[Records from a data source]

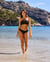 This textured smocked bralette bikini top is your new secret weapon for a chic look. Its sophisticated high neckline, paired with a front keyhole detail, creates an elegant silhouette. The textured fabric adds depth and dimension to its classic black color.
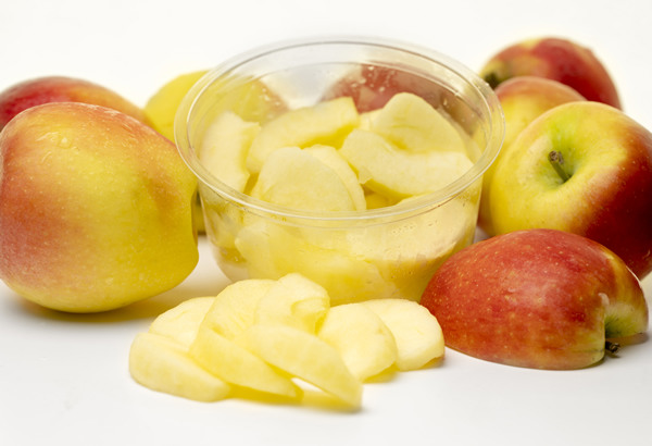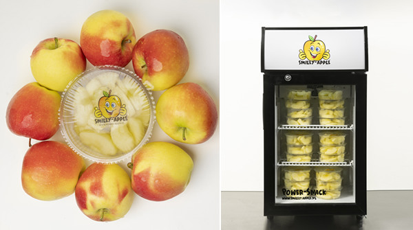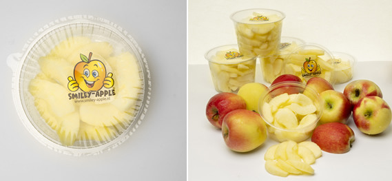 "Wij brengen onze geschilde en gesneden appelpartjes in een plastic gerecyclede cup op de markt. Deze cup bestaat voor circa 65% uit gerecycled materiaal van PET en is zelf ook weer volledig recyclebaar. We bieden de verpakkingen aan in 100, 150, 200 en 300 gram", vertelt Joery. Op de vraag of Smiley Apple ook wil uitbreiden naar andere fruitsoorten, lacht Joery: "Laten we eerst de Smiley-Apple maar eens groot maken. Wel zijn we in gesprek met Tante Fanny om de Smiley-Apple als ready-to-cook appeltaartpakket aan te bieden."
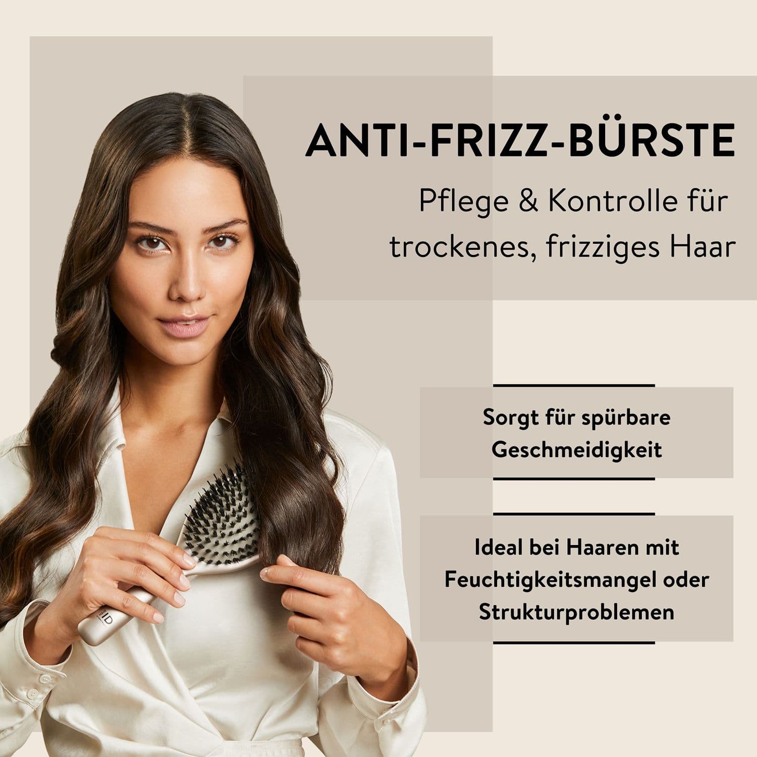 Die Paddle Brush aus der Hair ID Serie ist auf die Bedürfnisse von zu Frizz neigendem Haar abgestimmt. Die Kombination aus robusten Wildschweinborsten und flexiblen V-Pins gleitet mühelos durch das Haar, ohne zu ziepen. Während des Bürstens tragen die mit Collagen und Hyaluron angereicherten Naturborsten zu einem gepflegten Erscheinungsbild bei. Das Haar lässt sich nach der Anwendung leichter stylen und erhält eine glatte Struktur.
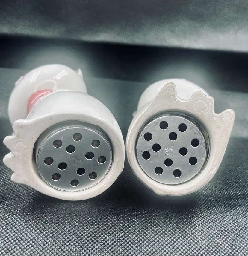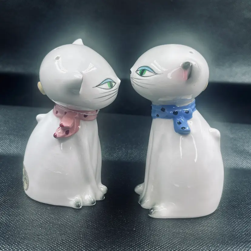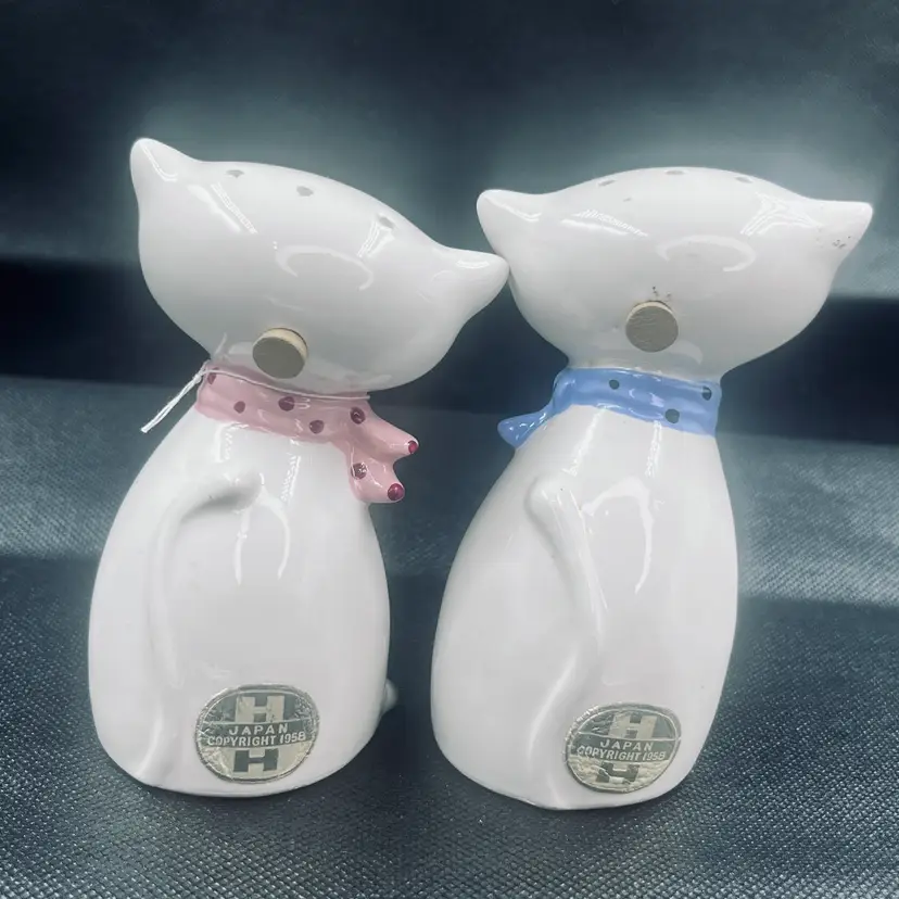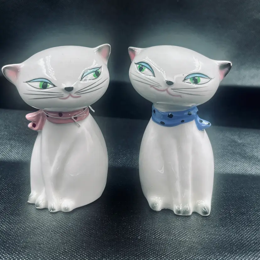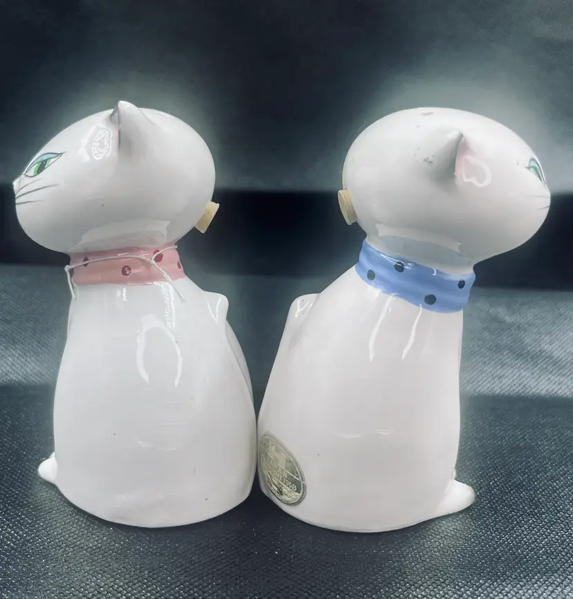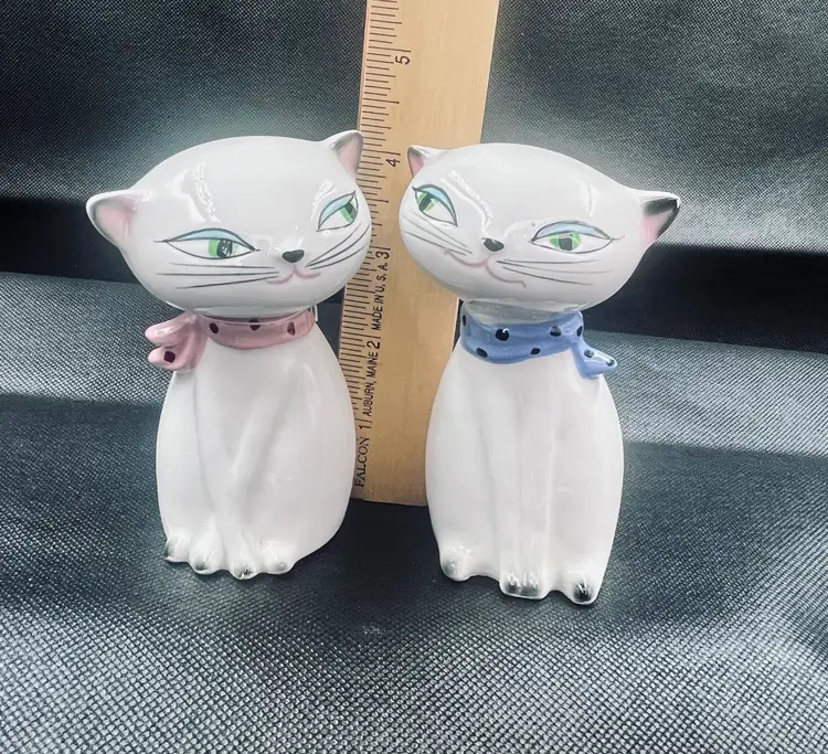 Yay - Holt Howard wonderfulness. These sweet kitties are so cute and highly collectible. They have bright green eyes and hnd painted details.Whimsical and functional. Great condition. No chips or cracks. Noise makers are still in the cats but they are no longer operational due to age.
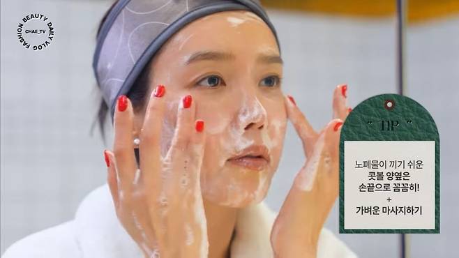채정안은 젤을 이용해 쫀쫀한 거품을 만들어내며 세안의 중요성을 언급하며 “쫀쫀한 거품이 미세한 부분까지 깨끗이 세안해줘 피부를 더 꼼꼼하게 관리할 수 있다”고 설명했다.
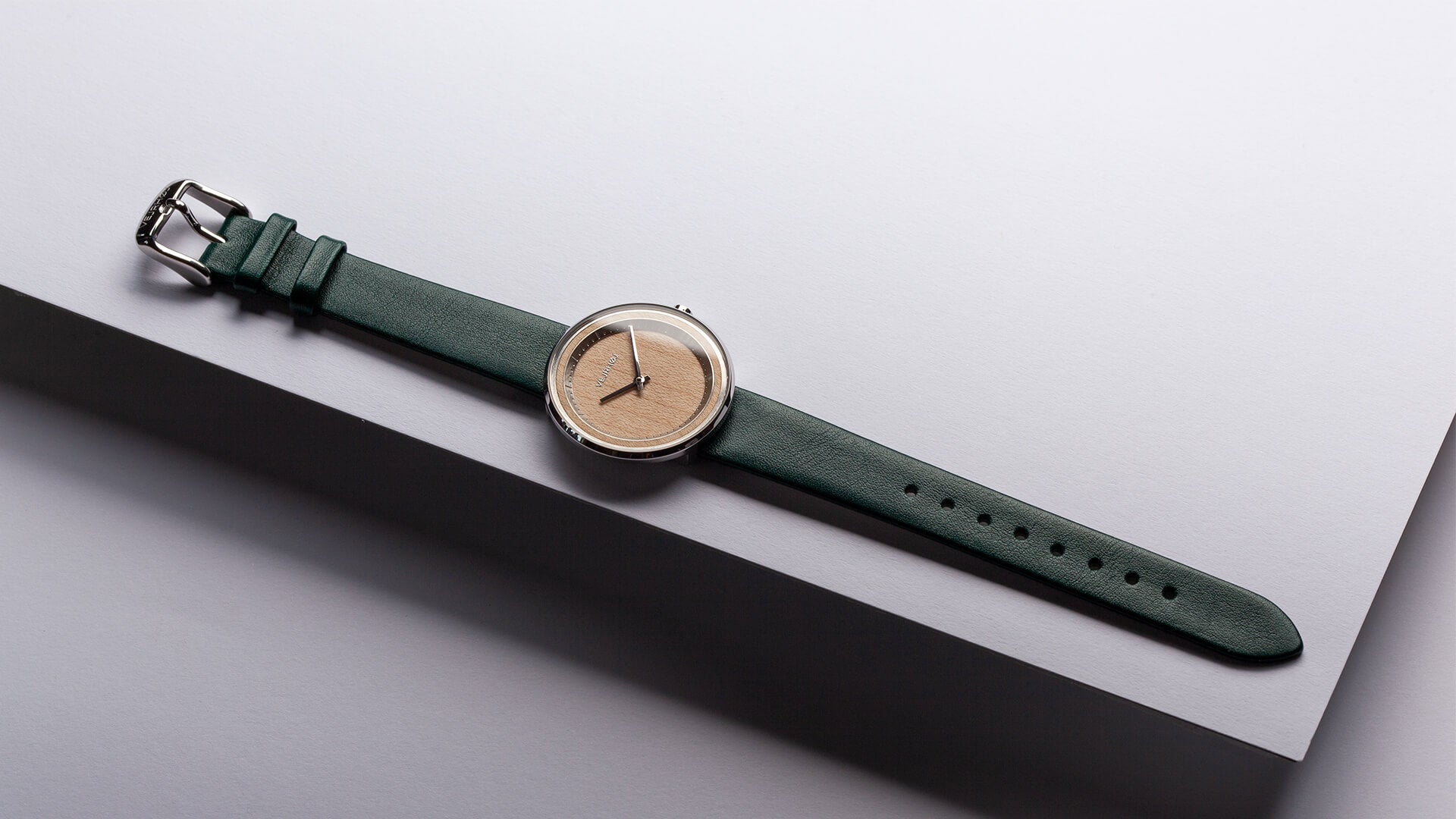 The thin casing and 34mm diameter make this model the ideal choice for women who are looking for a small & elegant wooden watch. The design merges natural maple wood and stainless steel. All wooden elements of the watch are placed underneath strong mineral crystal glass with a sapphire coating, which gives this slim timepiece the same durability as a solid steel watch. Finally, the deep green leather strap comes with a quick release function, which makes it easy to change without the use of any tools.

REQUIRED WORK.
Would it be possible to print the records above verbatim, pictures omitted?

REPLY.
 This textured smocked bralette bikini top is your new secret weapon for a chic look. Its sophisticated high neckline, paired with a front keyhole detail, creates an elegant silhouette. The textured fabric adds depth and dimension to its classic black color.
 "Wij brengen onze geschilde en gesneden appelpartjes in een plastic gerecyclede cup op de markt. Deze cup bestaat voor circa 65% uit gerecycled materiaal van PET en is zelf ook weer volledig recyclebaar. We bieden de verpakkingen aan in 100, 150, 200 en 300 gram", vertelt Joery. Op de vraag of Smiley Apple ook wil uitbreiden naar andere fruitsoorten, lacht Joery: "Laten we eerst de Smiley-Apple maar eens groot maken. Wel zijn we in gesprek met Tante Fanny om de Smiley-Apple als ready-to-cook appeltaartpakket aan te bieden."
 Die Paddle Brush aus der Hair ID Serie ist auf die Bedürfnisse von zu Frizz neigendem Haar abgestimmt. Die Kombination aus robusten Wildschweinborsten und flexiblen V-Pins gleitet mühelos durch das Haar, ohne zu ziepen. Während des Bürstens tragen die mit Collagen und Hyaluron angereicherten Naturborsten zu einem gepflegten Erscheinungsbild bei. Das Haar lässt sich nach der Anwendung leichter stylen und erhält eine glatte Struktur.
 Yay - Holt Howard wonderfulness. These sweet kitties are so cute and highly collectible. They have bright green eyes and hnd painted details.Whimsical and functional. Great condition. No chips or cracks. Noise makers are still in the cats but they are no longer operational due to age.
채정안은 젤을 이용해 쫀쫀한 거품을 만들어내며 세안의 중요성을 언급하며 “쫀쫀한 거품이 미세한 부분까지 깨끗이 세안해줘 피부를 더 꼼꼼하게 관리할 수 있다”고 설명했다.
 The thin casing and 34mm diameter make this model the ideal choice for women who are looking for a small & elegant wooden watch. The design merges natural maple wood and stainless steel. All wooden elements of the watch are placed underneath strong mineral crystal glass with a sapphire coating, which gives this slim timepiece the same durability as a solid steel watch. Finally, the deep green leather strap comes with a quick release function, which makes it easy to change without the use of any tools.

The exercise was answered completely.